The Gold Standard of a Brittany Hermit
Charles Filiger didn’t care about the Parisian parties or the wine-soaked gossip of the Belle Époque. He lived in the mud and mist of Brittany. He was a recluse who preferred silence over the roar of the city. But the city found him anyway. In 1893 at the second Salon de la Rose + Croix his work hit the elite like a fever dream.
Saint Cecilia is small. It’s barely bigger than a legal pad, but it holds an entire universe of geometric obsession. Filiger took the old bones of Byzantine icons and dressed them in math. He used gouache and heavy gold leaf to create something that feels less like a painting and more like a relic found in a tomb. The surface is flat and mystical. It refuses to let you in.

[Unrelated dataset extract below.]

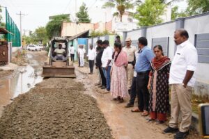 இந்த நிலையில் பிஎன்டி காலனி பகுதியில் பாதாள சாக்கடை பணிகள் நடைபெற்ற காரணத்தினால் அப்பகுதியில் மழை நீர் தேங்கியிருந்தது. அந்தப் பகுதியில் மழை நீர் முழுவதும் தற்போது அப்புறப்படுத்தப்பட்டு விட்டது. இதனை அடுத்து பொதுமக்கள் பயன்படுத்தும் சாலைகள் குண்டும் குழியுமாக காணப்பட்டது. இதனையடுத்து தற்காலிகமாக சாலையை சீரமைத்து தருமாறு பொதுமக்கள் மாநகராட்சி மேயர் ஜெகன் பெரியசாமிக்கு கோரிக்கை விடுத்தனர். உடனடியாக மாநகராட்சி மேயர் ஜெகன் பெரியசாமி அதற்கான நடவடிக்கையை மேற்கொண்டார். அதன் அடிப்படையில் பிஎன்டி காலனி 12வது தெருவில் பாதாள சாக்கடைக்கு தோண்டப்பட்ட பள்ளம் மூடப்பட்டு தற்காலிகமாக சாலை அமைக்கும் பணி துவக்கப்பட்டது. இந்த பணிகளை மாநகராட்சி மேயர் ஜெகன் பெரியசாமி, மாநகராட்சி ஆணையர் ப்ரியங்கா ஆகியோர் நேரில் சென்று நடைபெறும் பணிகளை பார்வையிட்டனர்.

The Sâr Péladan was the high priest of the occultist salons. He thought Filiger was the chosen one. He saw the ideal artist in a man who barely wanted to be seen. While the Parisian elite praised his genius Filiger stayed in his isolation. He was not painting for them. He was painting because the patterns in his head would not let him rest.
He turned the patron saint of music into a grid of gold and color. It is a quiet riot of precision, the work of a man who found God in the angles and the gold leaf while everyone else was just looking for a good time. He died in 1928 and left behind a world that still struggles to map his mind.
References
Filiger, Charles. Saint Cecilia. 1893. Gouache and Gold on Paper. Private Collection.
Pincus-Witten, Robert. Occult Symbolism in France. New York, Garland, 1976.
Greenwood, Michael. The Symbolist Movement. London, Phaidon, 1995.